7. The method for deploying robot characters in a game according to claim 1, characterized in that, After deploying at least one robot character at the deployment location, the method further includes: Control the robot character to move along the second game route in the game scene.

8. The method for deploying robot characters in a game according to claim 7, characterized in that, The method further includes: If the deviation between the actual route of the target game character and the first game route is greater than a first preset threshold, then based on the current position of the target game character and the path decision model, a third game route of the target game character is calculated, and the second game route is updated based on the third game route.

9. The method for deploying robot characters in a game according to claim 8, characterized in that, The updating of the second game route based on the third game route includes: Obtain at least one adjustable decision point in the second game route, wherein the adjustable decision point corresponds to multiple walking strategies, and the weight difference of each walking strategy is less than a second preset threshold. Determine the adjustable decision point among the adjustable decision points that is closest to the current position of the target game character; Based on the third game route, determine the target walking strategy for the target adjustable decision point; Update the second game route according to the stated target walking strategy.

10. The method according to any one of claims 1-9, characterized in that, The method of calculating the first game route for the target game character in the game scene based on the first game start position and a pre-trained path decision model further includes: Acquire historical game behavior data generated by players participating in the game during historical gameplay. The historical game behavior data includes: game parameters and environmental parameters of the game characters controlled by each player. The game parameters include at least one of the following: location information, action information, resource information, and the location of the mission point. The environmental parameters include at least one of the following: the location of popular resources and environmental attack information. The path decision model is trained using the historical game behavior data as sample data.

11. A device for dispensing robot characters in a game, characterized in that, The device includes: The determination module is used to identify the target game character; The acquisition module is used to acquire the first game start position of the target game character in the game scene, and determine at least one second game start position in the game scene based on the first game start position, wherein the second game start position is a candidate position for deploying the robot character in the game scene; The calculation module is used to calculate a first game route for the target game character in the game scene based on the first game start position and a pre-trained path decision model; and to predict at least one second game route in the game scene based on the at least one second game start position and the path decision model. The determining module is further configured to determine at least one deployment location from the at least one second game start location based on the first game route and the second game route, so as to deploy at least one robot character at the deployment location.

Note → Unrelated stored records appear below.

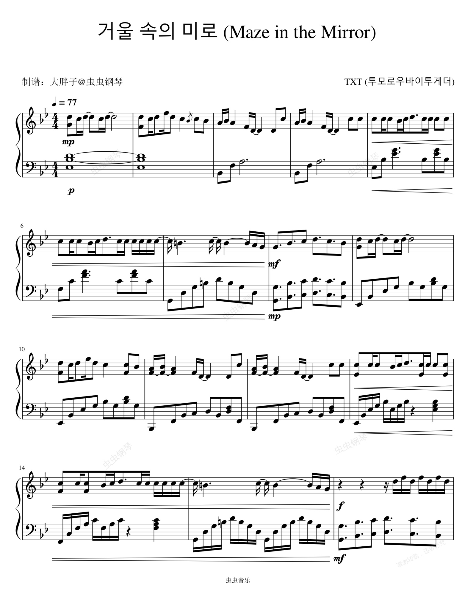 钢琴谱:거울 속의 미로 (Maze in the Mirror) - TOMORROW X TOGETHER
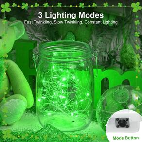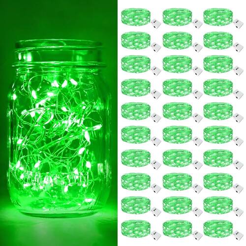 Btfarm Pacote com 30 luzes de fadas do dia de São Patrício operadas por bateria [3 modos], 2,1 m, 20 luzes de LED verdes cintilantes, à prova d'água, pequeno fio prateado para potes de pedreiro, decoração de festa de casamento - 3 baterias LR44 de alta capacidade: cada luz de fada está equipada com 3 baterias pré-instaladas de 180 mAh, não há necessidade de comprar extra, oferecendo iluminação de até 72 horas de duração. Perfeito para decorar potes de pedreiro, vasos, artesanato, garrafas, plantas, ornamentos, guirlandas, guirlandas e muito mais - Pacote com 30 unidades de ótimo custo-benefício: Feito de fio de prata de 1,8 m de alta qualidade, flexível e durável, facilmente enrolado em qualquer coisa. Possui 20 mini luzes LED que emitem um brilho suave e verde, parecem um país das maravilhas, criando um ambiente aconchegante e romântico - 3 modos de iluminação: ofertas de luzes cintilantes de fadas: piscando rápido, piscando lento e iluminação constante. Cada um fornece um efeito decorativo e ambiente distintos, atendendo às suas várias necessidades de ocasião. Um interruptor de pressão é projetado na lateral para ligar/desligar e alternar os modos - IP65 impermeável e seguro de usar: o cordão de luz suporta IP65 à prova d'água, pode ser submersível em água (a caixa de bateria não é à prova d'água). Alimentado por uma baixa tensão segura de 1,5 V, e não aquece ou causa curto-circuito mesmo após um longo uso, seguro de toque e uso - Iluminação decorativa fantástica: ideal para festa irlandesa do dia de São Patrício, dia de Ação de Graças, Halloween, Natal, aniversário de casamento, jardim interno, porta da frente, varanda, festa, tampo de mesa, cornija, quarto, janelas, quintal, árvore, plantas, paredes e muito mais!
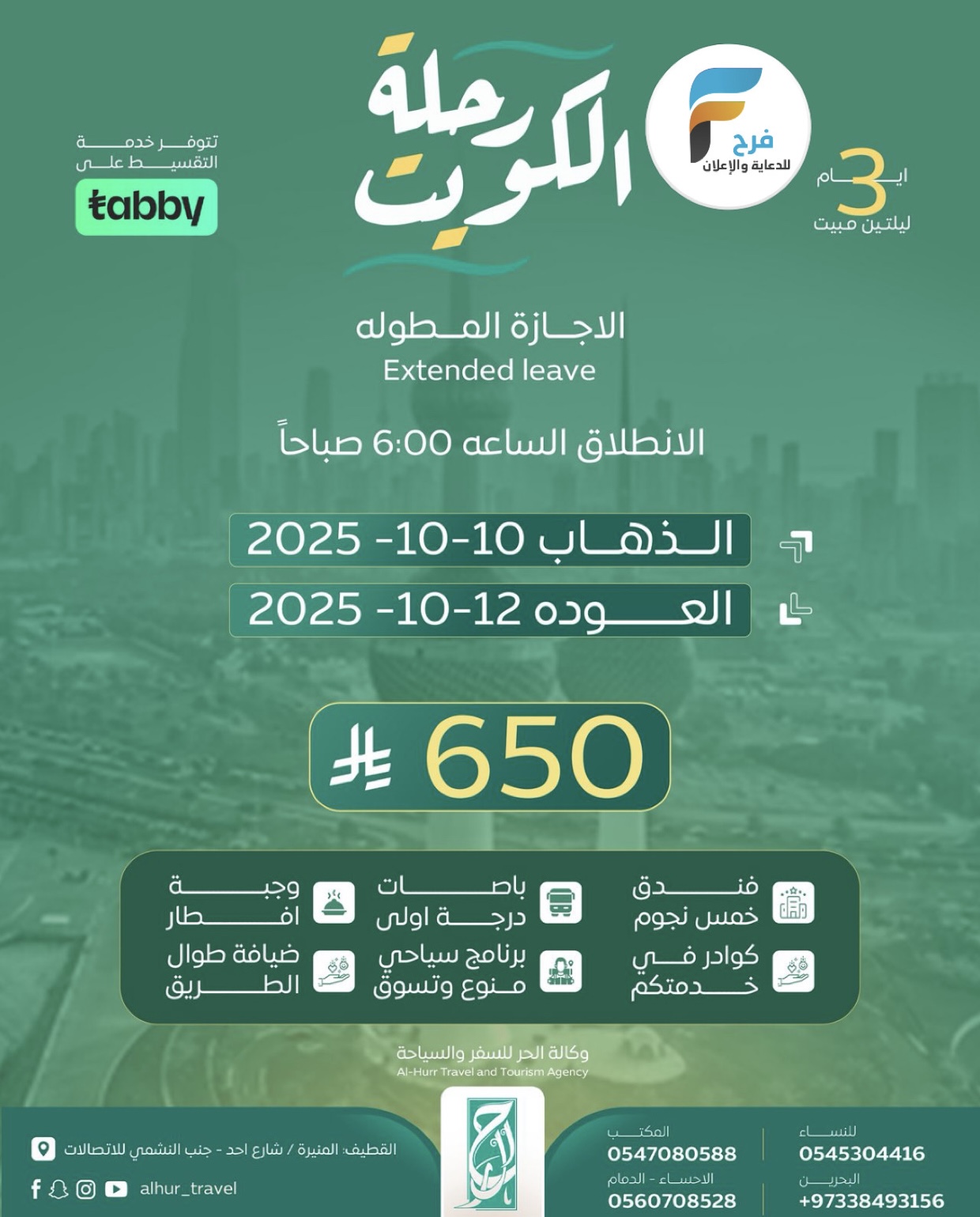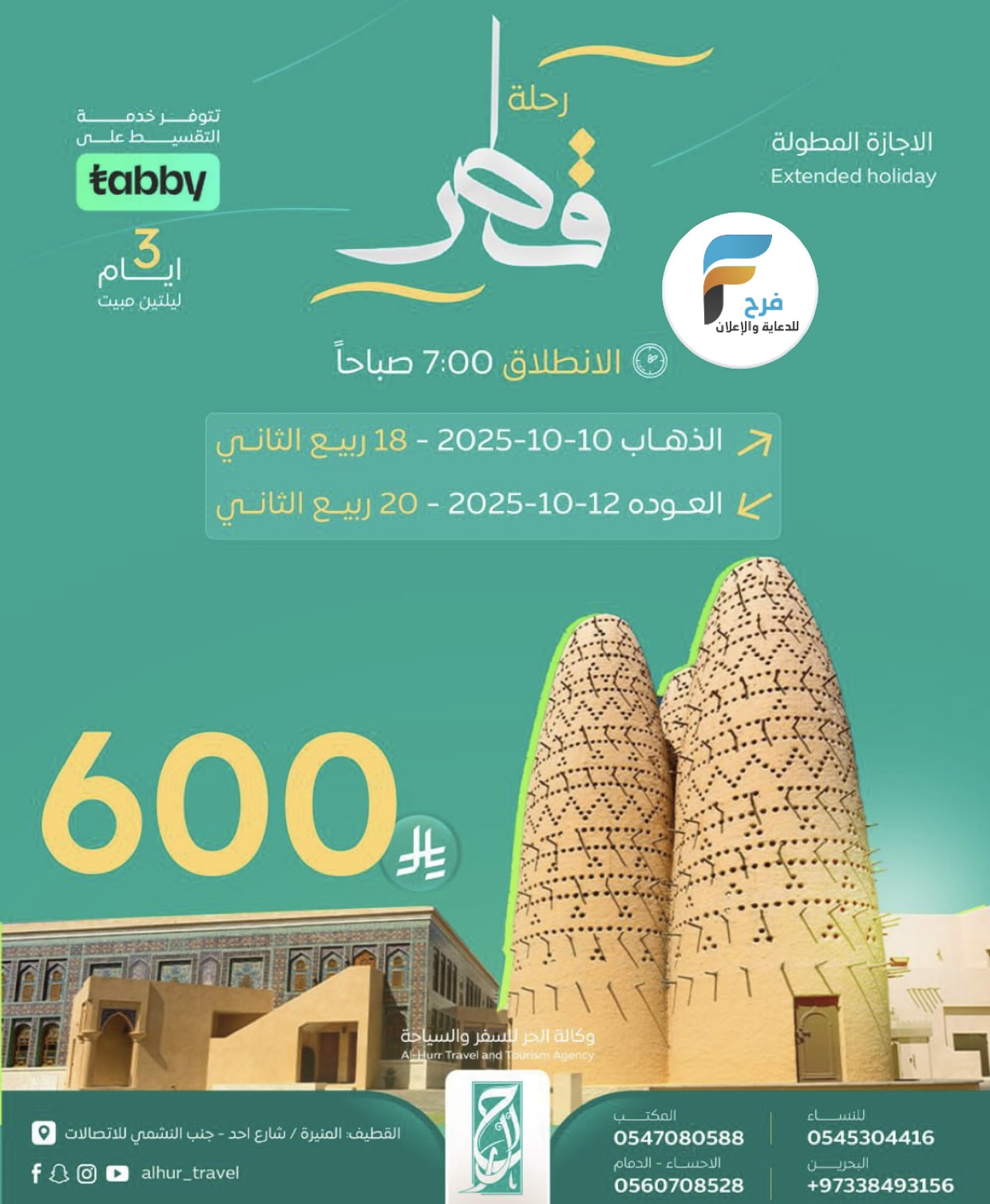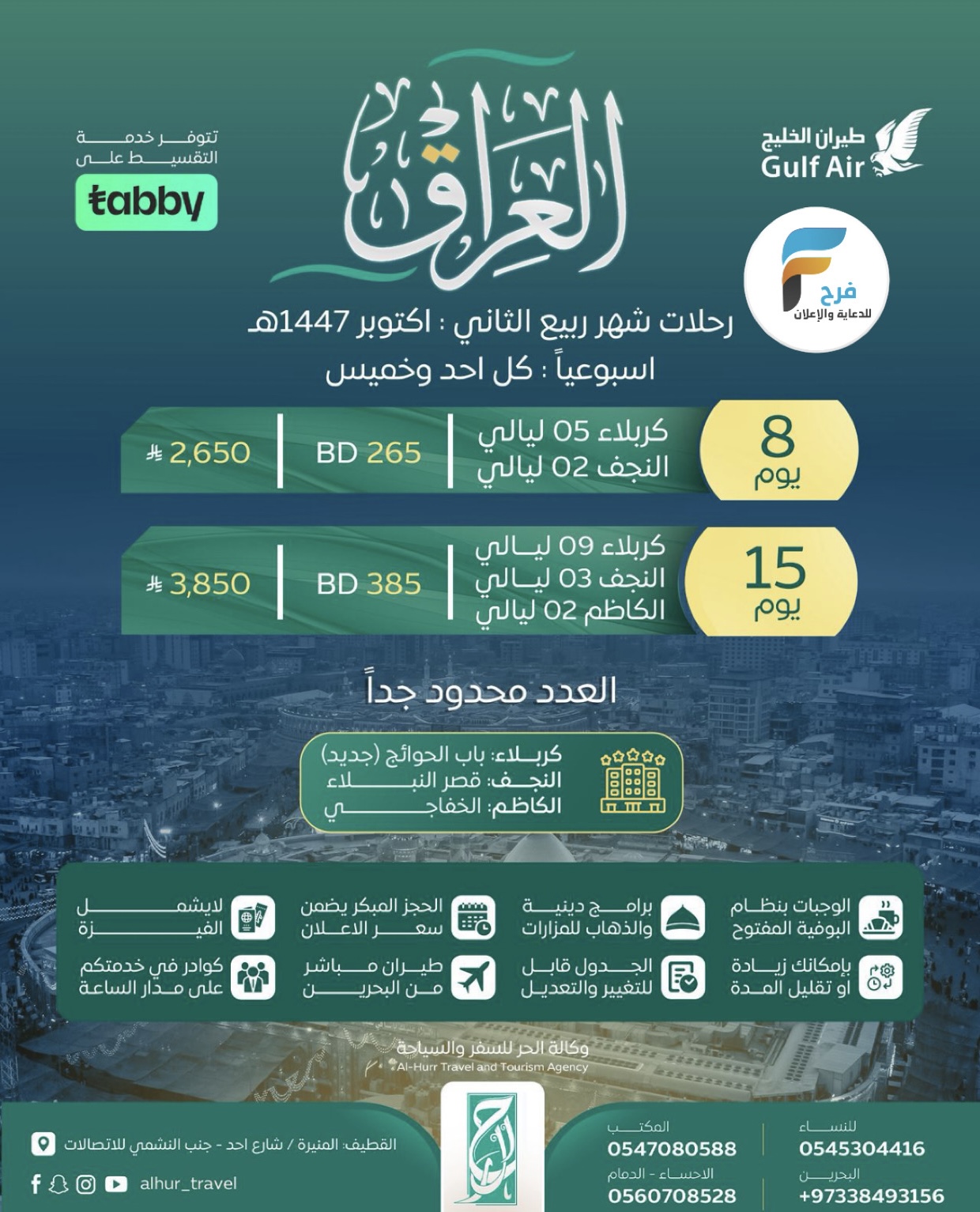 600 ريال تبدأ رحلات وكالة الحر الإجازة المطولة / قطر _ الكويت _ العراق 1 أكتوبر، 2025 925/10/01 للحجز أو الاستفسار : 0547080588 0545304416 0560708528 0097338493156 انستغرام :www.instgram.com سناب :www.snapchat.com أشترك معنا في خدمة فرح : Enter the text or HTML code here شارك هذا الموضوع: النقر للمشاركة على X (فتح في نافذة جديدة) X انقر للمشاركة على فيسبوك (فتح في نافذة جديدة) فيس بوك 2888 ريال تبدأ رحلات قافلة الأمير في إجازة الربيع / العراقالتاريخ25 ديسمبر، 2018في ما يتعلق بما يأتيالعراقرحلة إضافية مكتب صاحب الحوت زيارة عرفة والغدير / العراقالتاريخ13 يونيو، 2022في ما يتعلق بما يأتيالعراق250 ريال تبدأ قيمة استخراج الفيزا العراقية الكرار / العراقالتاريخ27 يوليو، 2025في ما يتعلق بما يأتيالعراق

12. An electronic device, characterized in that, include: The device includes a processor, a storage medium, and a bus, wherein the storage medium stores machine-readable instructions executable by the processor, and when the electronic device is in operation, the processor communicates with the storage medium via the bus, and the processor executes the machine-readable instructions to perform the steps of the method as described in any one of claims 1-10.

13. A computer-readable storage medium, characterized in that, The storage medium stores a computer program, which is executed by a processor to perform the method as described in any one of claims 1-10.